Di Somma Alberto, Andaluz Norberto, Gogela Steven L, Cavallo Luigi Maria, Keller Jeffrey T, Prats-Galino Alberto, Cappabianca Paolo
Division of Neurosurgery, School of Medicine and Surgery, Universita degli Studi di Napoli Federico II, Naples, Italy.
Department of Neurosurgery, University of Cincinnati College of Medicine, Comprehensive Stroke Center at UC Neuroscience Institute, Mayfield Clinic, Cincinnati, Ohio, USA.
World Neurosurg. 2017 May;101:227-235. doi: 10.1016/j.wneu.2017.01.117. Epub 2017 Feb 21.
Various surgical routes have been used to decompress the intracanalicular optic nerve. Historically, a transcranial corridor was used, but more recently, ventral approaches (endonasal and/or transorbital) have been proposed, individually or in combination. The present study aims to detail and quantify the amount of bony optic canal removal that may be achieved via transcranial, transorbital, and endonasal pathways. In addition, the surgical freedom of each approach was analyzed.
In 10 cadaveric specimens (20 canals), optic canals were decompressed via pterional, endoscopic endonasal, and endoscopic superior eyelid transorbital corridors. The surgical freedom and circumferential optic canal decompression afforded by each approach was quantitatively analyzed. Statistical comparison was carried using a nonpaired Student t test.
An open pterional transcranial approach allowed the greatest area of surgical freedom (transcranial, 109.4 ± 33.6 cm; transorbital, 37.2 ± 4.9 cm; endonasal homolateral, 10.9 ± 5.2 cm; and endonasal contralateral, 11.1 ± 5.6 cm) with widest optic canal decompression compared with the other 2 ventral routes (transcranial, 245.2; transorbital, 177.9; endonasal, 144.6). These differences reached, in many cases, statistical significance for the transcranial approach.

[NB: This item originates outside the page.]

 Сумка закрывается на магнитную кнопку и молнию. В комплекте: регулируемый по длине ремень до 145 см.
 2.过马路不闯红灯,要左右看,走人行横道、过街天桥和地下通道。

This anatomic contribution provides a comprehensive evaluation of surgical access to the optic canal via 3 distinct, but complementary, approaches: transcranial, transorbital, and endonasal. Our results show that, as expected, a transcranial approach achieved the widest degree of circumferential optic canal decompression and the greatest surgical freedom for manipulation of surgical instruments. Further surgical experience is necessary to determine the proper surgical indication for the transorbital approach to this disease.
已采用多种手术路径对视神经管进行减压。过去使用经颅入路,但最近有人提出经腹侧入路(鼻内和/或经眶),可单独使用或联合使用。本研究旨在详细描述并量化经颅、经眶和鼻内路径可实现的视神经管骨质切除量。此外,还分析了每种入路的手术操作空间。

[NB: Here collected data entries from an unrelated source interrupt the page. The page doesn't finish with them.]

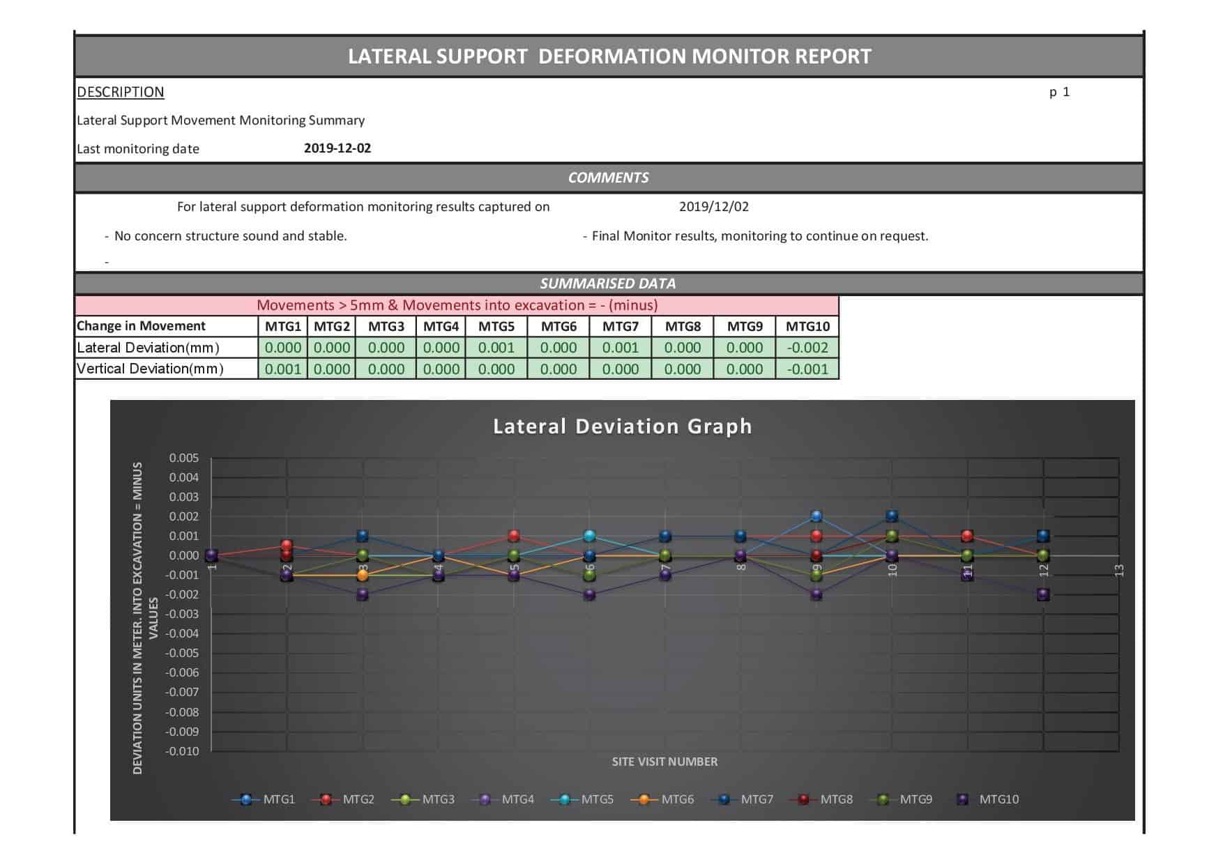 A niche and precise surveying skill implemented when a concern arises on the structural performance of any given structure. Using baseline measurements and comparing subsequent measurements taken over a period of time one can analyse deviations and determine if remedial work is to be implemented to maintain sound structural conditions.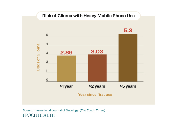 Une étude de 2017 a établi un lien entre l’utilisation ipsilatérale à long terme de téléphones portables et un risque accru de gliome à croissance lente de plus de 40%. Une vaste étude française menée entre 2004 et 2006 a révélé que les personnes utilisant fortement leur téléphone portable présentaient un risque de gliome deux fois plus élevé après plusieurs années d’utilisation.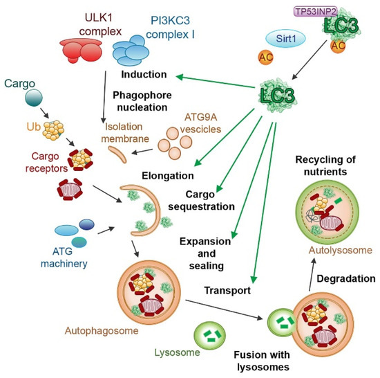 The role of LC3 proteins in selective autophagy. The figure illustrates the involvement of the LC3 subfamily of ATG8 proteins in different steps of selective autophagy. Reproduced with permission from [172].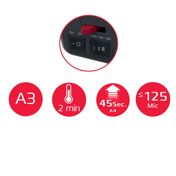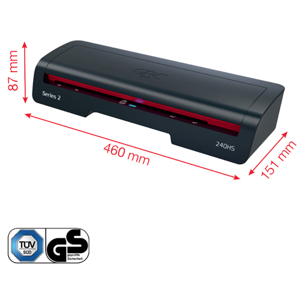 GBC 240HS e' una soluzione elegante ed efficiente per le esigenze di plastificazione di tutti i giorni. Progettata all'insegna dello stile e delle prestazioni, questa plastificatrice A3 ad alta velocita' e' ideale per l'utilizzo a casa o in ufficio. Aumenta la produttivita' e riduci i tempi di plastificazione del 33% utilizzando le pouches ad alta velocita' GBC. Con un tempo di riscaldamento di 2 minuti, plastifica un foglio A4 da 75 micron in soli 45 secondi, rendendolo perfetto per gestire in modo efficiente i tuoi progetti domestici. L'interruttore di controllo, facile da usare, offre tre impostazioni di spessore della pouches da 75 a 125 micron, garantendo flessibilita' per vari tipi di documenti. Una leva di sblocco anti-inceppamento assicura un funzionamento regolare, risolvendo senza sforzo eventuali errori di inserimento delle pouches. Inoltre, il sistema intelligente di LED di stato semplifica il funziona mento con chiare indicazioni visive e acustiche: rosso durante il riscaldamento, blu con un suono quando e' pronto e spegnimento automatico dopo 15 minuti di inattivita' per risparmiare energia. Proteggi e conserva i tuoi documenti importanti con una finitura perfet ta, ogni volta. Colore nero e rosso. Plastifica carte d'identita' fino a documenti di formato A3. Plastifica un documento A4 (75 mic) in soli 45 secondi. Plastifica 13 x A4 in 10 minuti. LED di stato SMART: si illumina di rosso durante il riscaldamento e diventa blu con un segnale acustico quando la plastificatrice e' pronta all'uso. La leva di rilascio degli inceppamenti consente di rimuovere manualmente le pouches errate o inceppate. Include una confezione iniziale di 5x pouches A4 (75 micron). Basso livello di rumore min. (> min. min. )>50Dba per ridurre le distrazioni. Certificato CE, TUV/GS.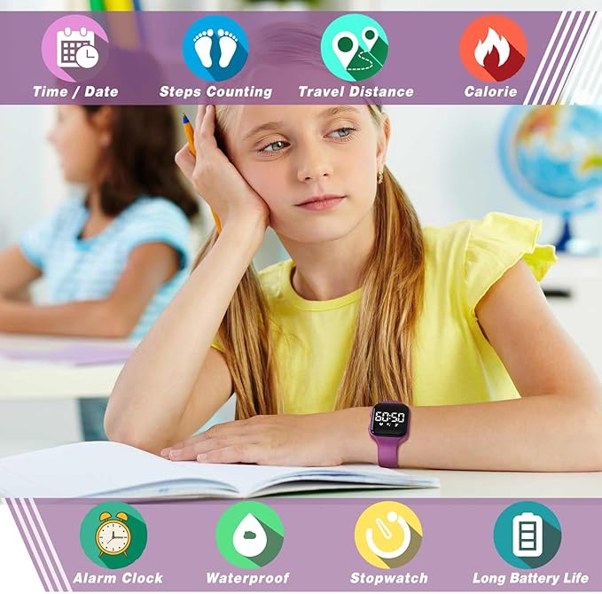 Kids Fitness Tracker,Digital Pedometer Watch,Sport Watch, Steps Counter, Waterproof, Alarm Clock for Boys Grils Kids Children (Purple)

在10具尸体标本(20个神经管)中,通过翼点入路、鼻内镜下鼻内入路和内镜上睑经眶入路对视神经管进行减压。对每种入路的手术操作空间和视神经管圆周减压情况进行定量分析。采用非配对学生t检验进行统计学比较。
开放翼点经颅入路的手术操作空间最大(经颅,109.4±33.6平方厘米;经眶,37.2±4.9平方厘米;鼻内同侧,10.9±5.2平方厘米;鼻内对侧,11.1±5.6平方厘米),与其他两种经腹侧入路相比,视神经管减压范围最广(经颅,245.2;经眶,177.9;鼻内,144.6)。在许多情况下,经颅入路的这些差异具有统计学意义。
本解剖学研究通过三种不同但互补的入路:经颅、经眶和鼻内,对视神经管的手术入路进行了全面评估。我们的结果表明,正如预期的那样,经颅入路实现了最广泛的视神经管圆周减压,并且在手术器械操作方面具有最大的手术操作空间。对于这种疾病的经眶入路,需要进一步的手术经验来确定合适的手术适应症。